13.7.05

Duarte Lima recuperou: Meditação sobre os poderosos, por André Bandeira


Soube, ao tomar um comboio do Altar para o Trono ( de Roma para Viena) que Duarte Lima recuperou da horrível doença que o afligia. Fiquei muito, sinceramente feliz!

Neste tempo de loucura sanguinária, de jovens desenraízados com uma imagem luciferiana de Deus e Governos enlouquecidos pela vã gloria de mandar, é preciso lembrar que estas doenças não acontecem só aos pobres e explorados da terra. Nem que só acontecem aos dirigentes como provas especiais de Deus. Sejam os inocentes de Bophal na India que já vão no 16ºto milhar de mortos pelos lixos tóxicos da Union Carbide, a qual se escapou com uma choruda indemnização ao Governo de New Dehli, ou os inocentes do paraíso socialista de Chernobyl ou, ainda, os inocentes do país mais livre do Mundo, onde uma das criações da "liberdade" , a Philip Morris, cancerizou os clientes, durante décadas, com um tabaco especialmente viciante...nenhum destes casos esgota as surpresas dessa grande igualizadora que é a Morte.

Espero que as lições de sabedoria que Duarte Lima recebeu durante este calvário possam ser postas ao serviço do Bem Público. Assim como Deus o permitiu sobreviver, Deus permitiu-lhe ser um dirigente político importante antes do calvário ter começado e, por isso, lhe indica que deve continuar.

Não gostava dele. Era arrogante e gelava os jornalistas, quase todos de Esquerda, nos tempos de Cavaco, com aquela sensação que antecipava algo hoje geralmente consabido: que a linguagem pública não celebra a liberdade mas que abafa, que todos os sons humanos, em vez de libertarem, prosseguem estratégias fechadas como um ovo. Quando não se diz nada, ao menos sempre se pode comunicar pelo tom de voz e por uma cara que deixa ainda mensagens humanas, quando a manipulação não chegou aí, ainda. Ora Duarte Lima gelava com o seu olhar impante, as suas respostas sibilantes.

Recusei um dia um seu favor, oferecido por uma amigo comum, como recusei depois o de um conhecido Embaixador socialista, trazido por uma namorada. Regressado do Grande Ultramar, mal com os homens e bem com o Rei (por agora, a Consciência) respondi-lhe do modo que outros me ensinaram: quem me protege, depois, dos meus protectores?

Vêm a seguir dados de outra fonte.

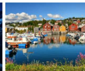
Okstindan natur- og kulturpark
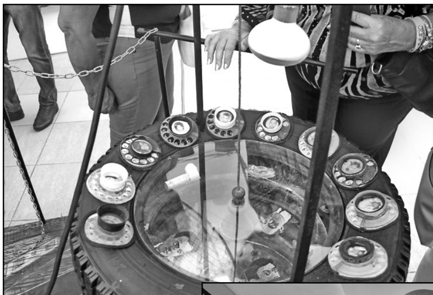
Las fotos recontextualizadas cuentan otra historia.

Luego de 22 años de haber sido presentada en el recinto de La Cabaña, a propósito de la VI Bienal de La Habana, la pieza se insertó en el MNBA como parte de la muestra La posibilidad infinita. Pensar la nación .
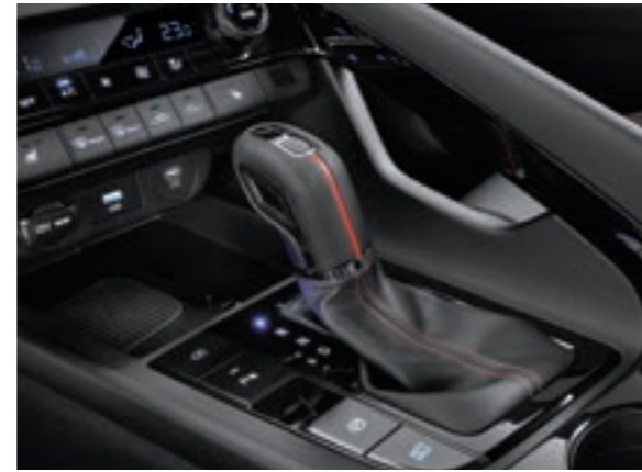
عجلة القيادة الرياضية الحصرية لخط N مع مبدلات سرعة ممتدة مقبض التروس الجلدي الحصري لخط N
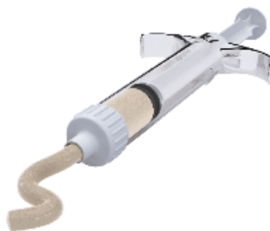
Image d'une seringue telle que représentée dans une brochure
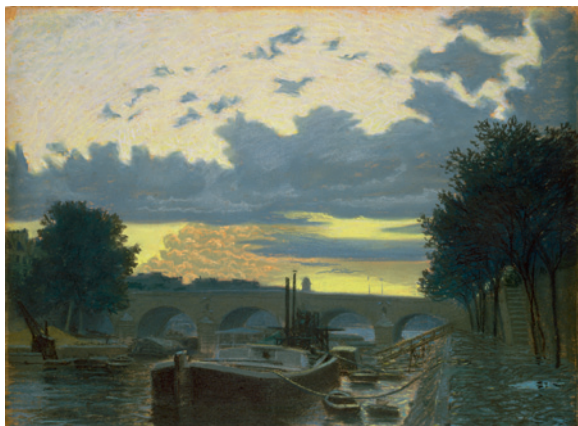
Après la pluie (Le Pont-Marie) , 1904 Pastel sur papier de couleur, 50 x 64,8 cm © Lausanne, musée cantonal des Beaux-Arts Photo : Nora Rupp
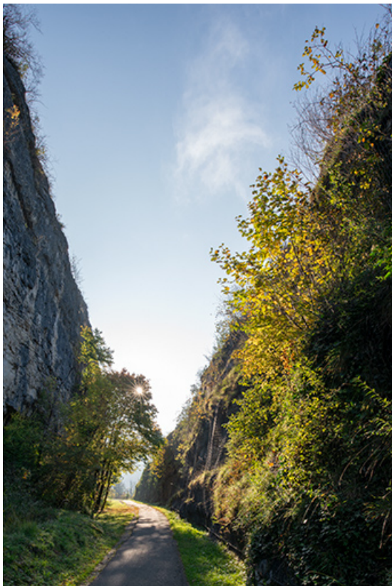
Tranchée de la voie ferrée. Vue depuis l'ouest. 39, Salins-les-Bains
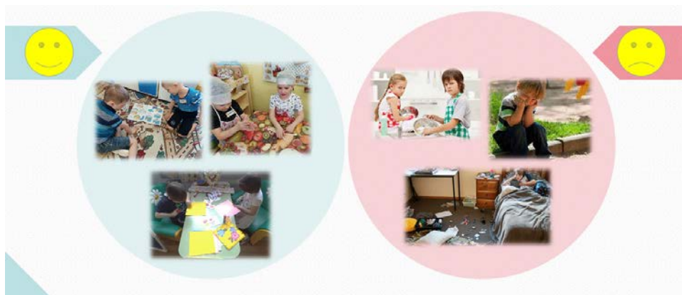
Рис. 1. Трудовая деятельность детей дошкольного возраста

На сегодняшний день проблемы трудового воспитания достаточно актуальны для детей дошкольного возраста, так как на этом этапе происходит формирование нравственных и культурных ценностей, в том числе такой ценности, как «труд». В раннем возрасте ребенок, подражая взрослому, с удовольствием выполняет трудовые действия. В старшем дошкольном возрасте труд для детей становится скучным и неинтересным занятием, поскольку они не знают, как выполнять то или иное задание. И мы, взрослые, в свою очередь, спешим сделать все сами, хорошо и быстро, не давая детям возможности поучаствовать, проявить инициативу, тем самым воспитывая потребителей (рис. 1).
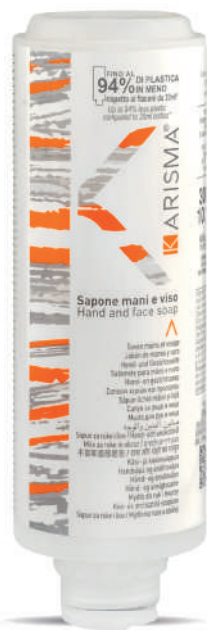
KRSH300C - 300 ml
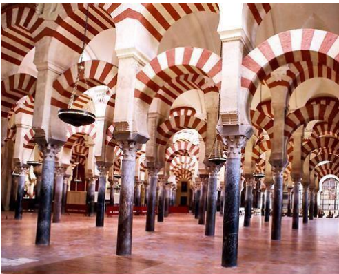
15. Córdoba: interno della Mezquita
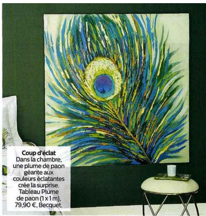
Coup d'éclat Dans la chambre, une plume de paon géante aux couleurs éclatantes crée la surprise. Tableau Plume de paon (1 x 1 m), 79,90 €, Becquet.
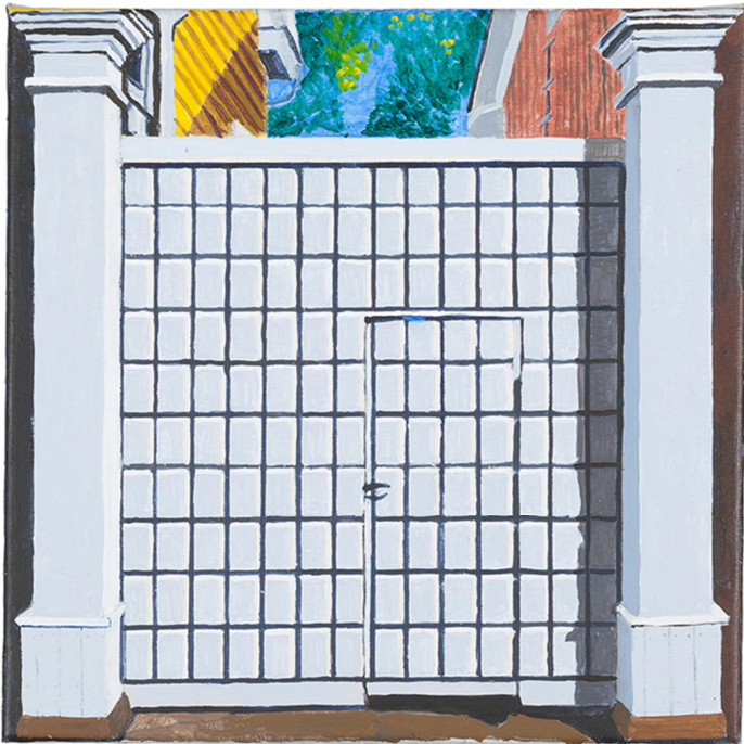
Marja Nurminen: Umpikuja, 2018, akryyli kankaalle, 33 x 33

ovat läsnä. Suru työn kuormittavuudesta sekä ilo saada opettaa itselleni tärkeää asiaa eli taidetta. Iloa myös siitä, että saan kohdata lahjakkaita opiskelijoita ja yhdessä heidän kanssaan saan olla taiteen äärellä.

Mas estive, em espírito, com Duarte Lima, quando ele, abandonado pelos Homens e lutando talvez com a terrível tentação de que fora também abandonado por Deus, tocava órgão em Igrejas vazias.

A Morte não nos torna, nem todos iguais, nem todos diferentes. Torna-nos todos Outros, num para-além sobre o qual os discursos são de pouca valia, algo que não sabemos mas que esperamos como o pai do filho pródigo, de coração partido, esperava a sua reconciliação familiar.

Bem ou mal, alto ou baixo, belo ou feio, todos lá vão. Mas não devemos evocar a Morte como o faziam alguns dos mais belos poemas encontrados nos uniformes dos paraquedistas das SS, porque não é por invocarmos Deus a todas as horas que temos mais sorte ou por invocarmos a Morte que gerimos o azar. A Morte nivela tudo a um grau que exige silêncio e uma humildade infinita, uma confiança infinita...

É por isso que, se o Destino nos impediu de morrer agora, nos devemos concentrar nas coisas mais simples, como os japoneses arrebanhados para os aviões Kamikaze colhiam ervinhas do chão, a despontarem entre o betão das pistas de descolagem. Devemos colher até o que Duarte Lima conseguiu como figura pública, toda a sua enorme experiência política e Humana, como algo salvo das águas. Devemos ver positivamente tudo, aproveitar tudo o que existe pela riqueza enorme de tudo quanto vemos, contra a enormidade cósmica de tudo quanto não vemos, nem sabemos.

Bem-vindo sejas de volta, Duarte Lima, obrigado por teres sobrevivido, Irmão. Para lá do Marão da Morte, mandam os que lá foram!